§ **Information supplied**:
┌────────
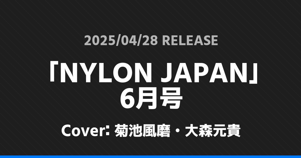 「NYLON JAPAN」6月号の表紙は菊池風磨・大森元貴さんです!
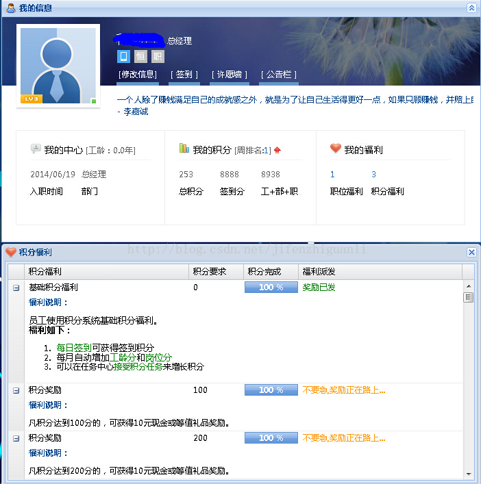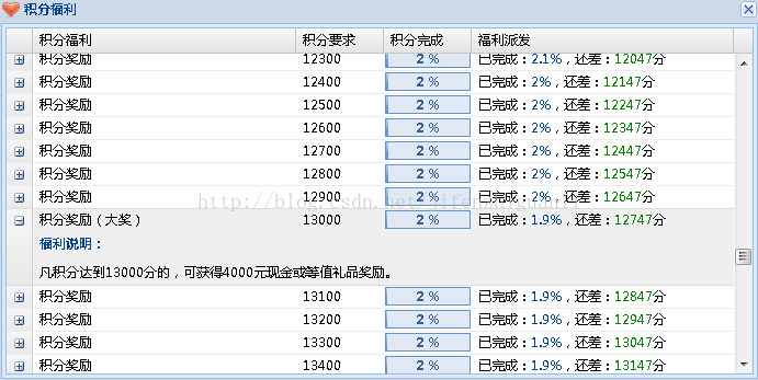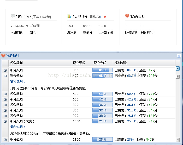 这是员工自己的界面,积分奖励界面,不是定时发放,而是根据你积分到达实时发放。图中有自己积分还有达到最终大奖的完成度,可以一目了然的看清楚。下图:
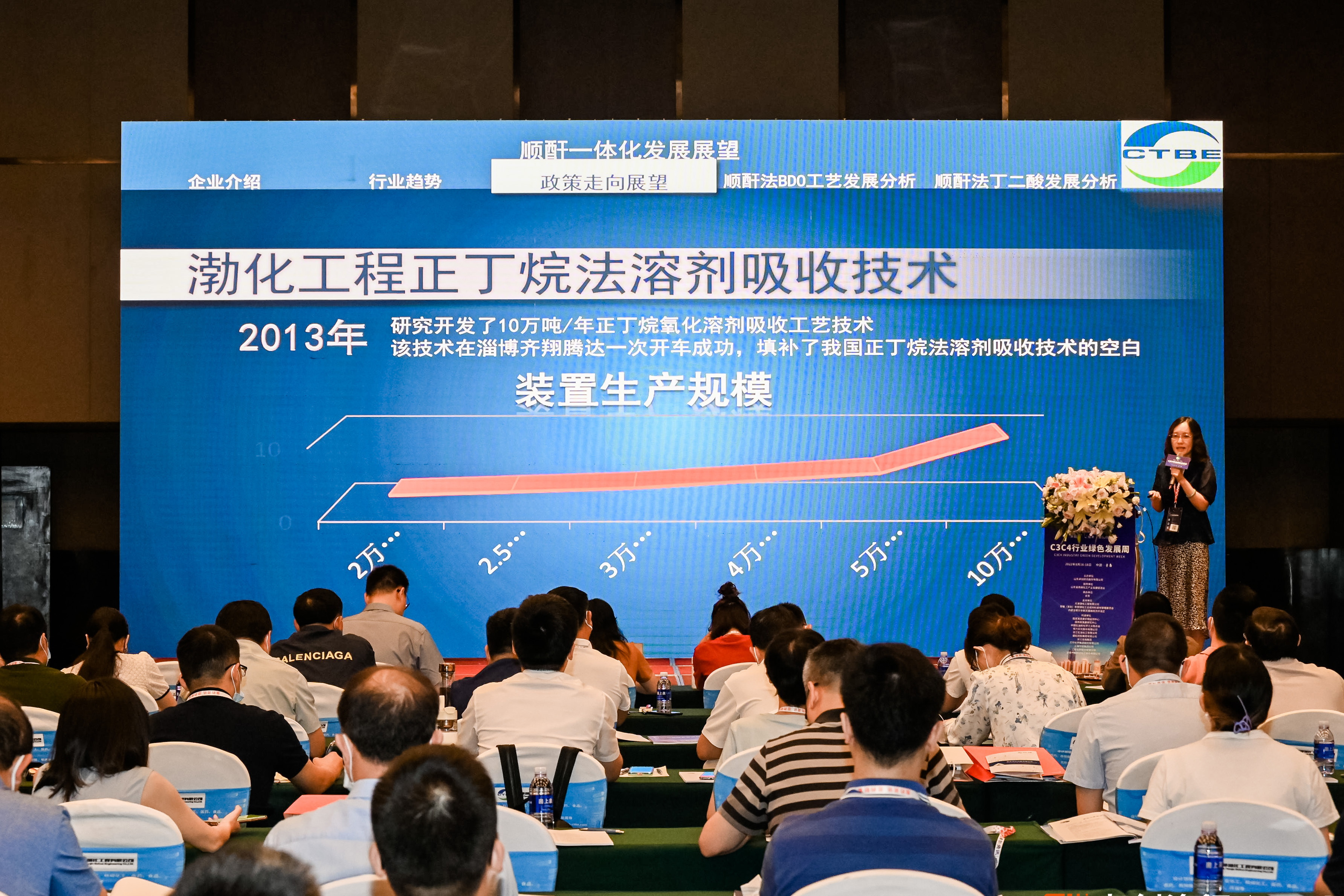 8月17日,總工程師王淑梅以《順酐一體化發(fā)展展望》為題,在順酐-BDO行業(yè)發(fā)展分論壇上發(fā)表了專題演講,簡要介紹公司歷史沿革、技術(shù)實力和相關(guān)業(yè)績,并就順酐行業(yè)發(fā)展趨勢、順酐法BDO工藝發(fā)展分析、順酐法丁二酸發(fā)展分析等方面進(jìn)行了詳細(xì)論述,為參會企業(yè)提供了專業(yè)的技術(shù)支持和參考。
└────────
§ **Your objective**: Only those lines from the one containing "这是员工自己的界面,积分奖励" to the end of the material above, retyped exactly and without pictures, belong in your reply.

§ **The answer**:
 这是员工自己的界面,积分奖励界面,不是定时发放,而是根据你积分到达实时发放。图中有自己积分还有达到最终大奖的完成度,可以一目了然的看清楚。下图:
 8月17日,總工程師王淑梅以《順酐一體化發(fā)展展望》為題,在順酐-BDO行業(yè)發(fā)展分論壇上發(fā)表了專題演講,簡要介紹公司歷史沿革、技術(shù)實力和相關(guān)業(yè)績,并就順酐行業(yè)發(fā)展趨勢、順酐法BDO工藝發(fā)展分析、順酐法丁二酸發(fā)展分析等方面進(jìn)行了詳細(xì)論述,為參會企業(yè)提供了專業(yè)的技術(shù)支持和參考。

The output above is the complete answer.